Nanomechanical motion measured with an imprecision below the standard quantum limit using a nearly shot-noise limited microwave interferometer

Observing quantum behavior of mechanical motion is challenging because it is difficult both to prepare pure quantum states of motion and to detect those states with sufficient precision. We present displacement measurements of a nanomechanical oscillator with an imprecision below that at the standard quantum limit [1]. We infer the motion from the phase modulation imprinted on a microwave signal by that motion. The modulation is enhanced by embedding the oscillator in a high-Q microwave cavity.

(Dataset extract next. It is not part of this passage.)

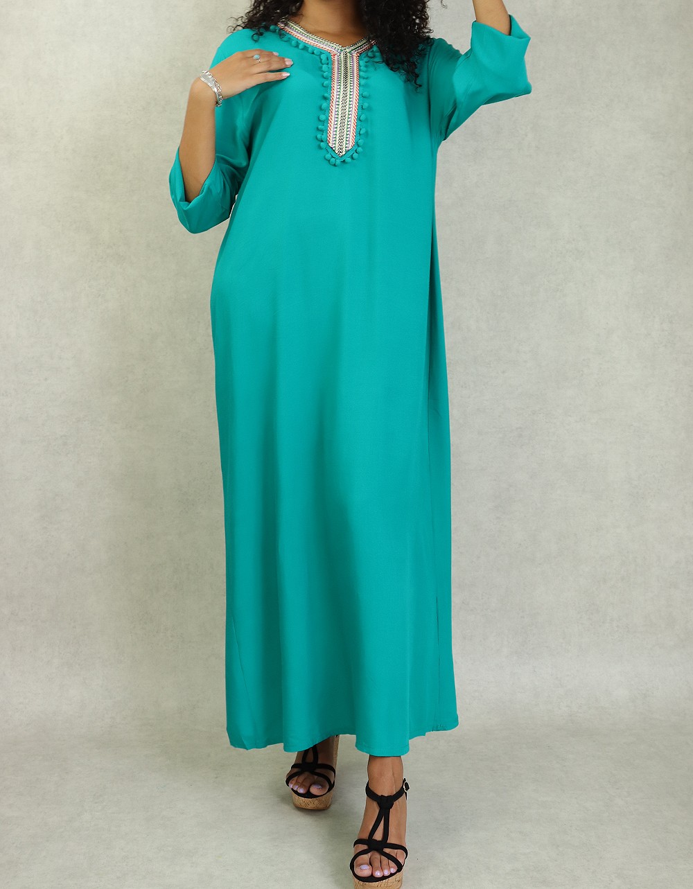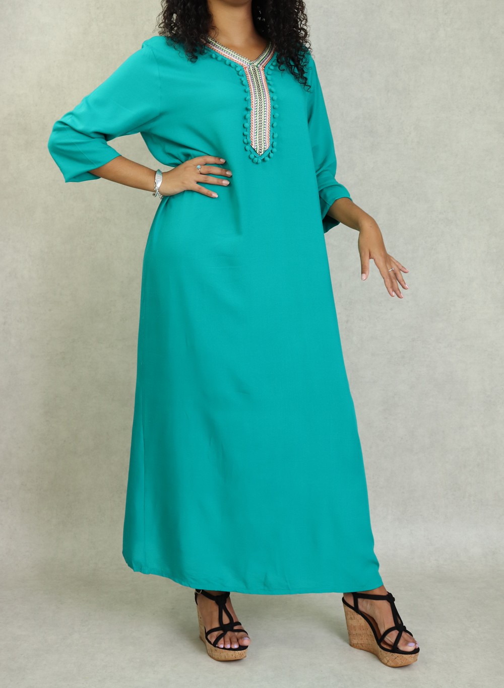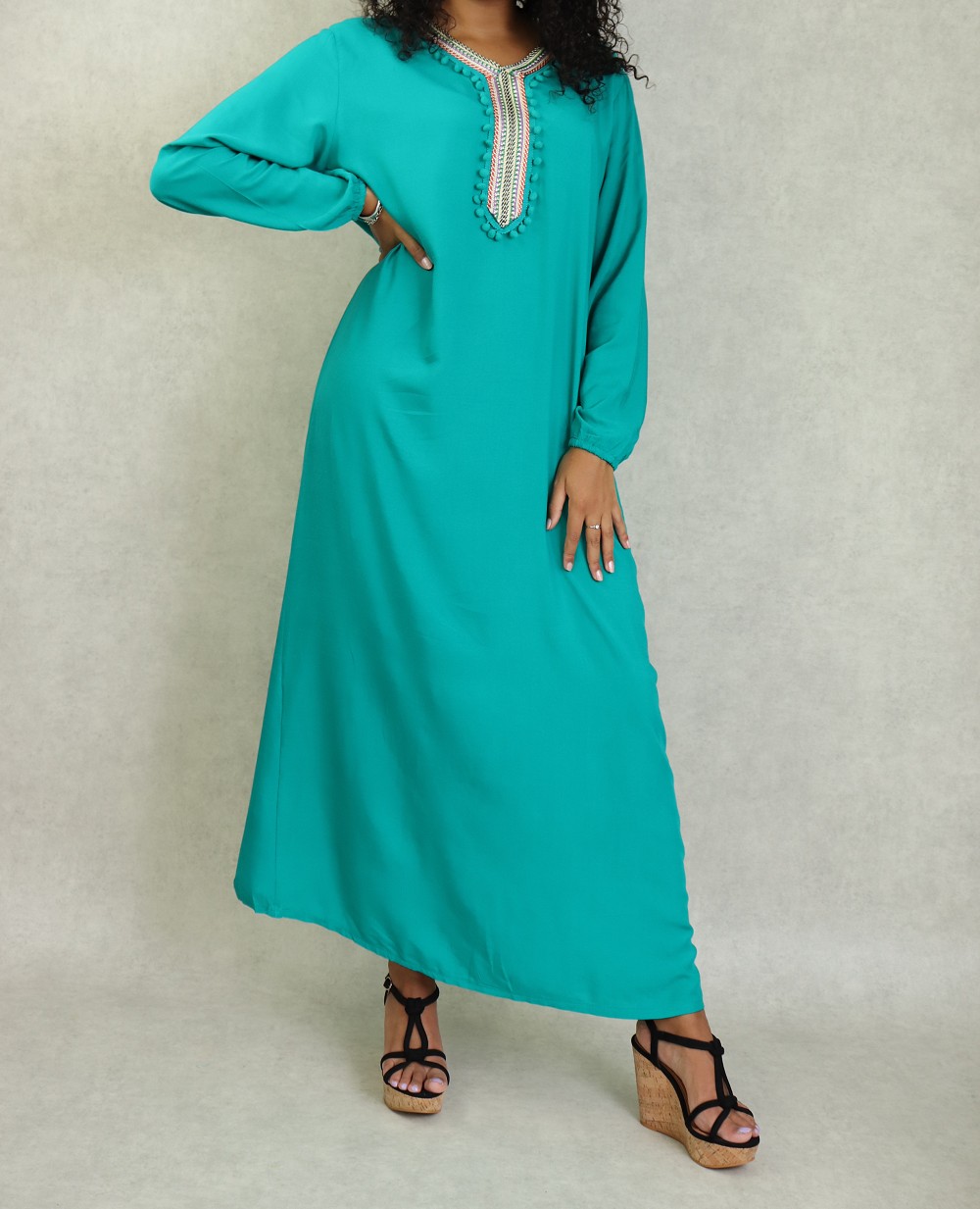 Robe d’été fluide et légère de couleur unie. Manches longues finition élastiques aux poignets. broderie multi couleur au niveau de col en V et le buste. Petits pompons sur le devant.

We achieve the low imprecision by reading out the modulation with a Josephson Parametric Amplifier, realizing a microwave interferometer that operates near the shot-noise limit. The apparent motion of the mechanical oscillator due the interferometer's noise is now substantially less than its zero-point motion, making future detection of quantum states feasible. In addition, the phase sensitivity of the demonstrated interferometer is 30 times higher than previous microwave interferometers, providing a critical piece of technology for many experiments investigating quantum information encoded in microwave fields. [1] J. D. Teufel, T. Donner, M. A. Castellanos-Beltran, J. W. Harlow, K. W. Lehnert, Nature Nanotechnology, doi:10.1038/nnano.2009.343, (2009).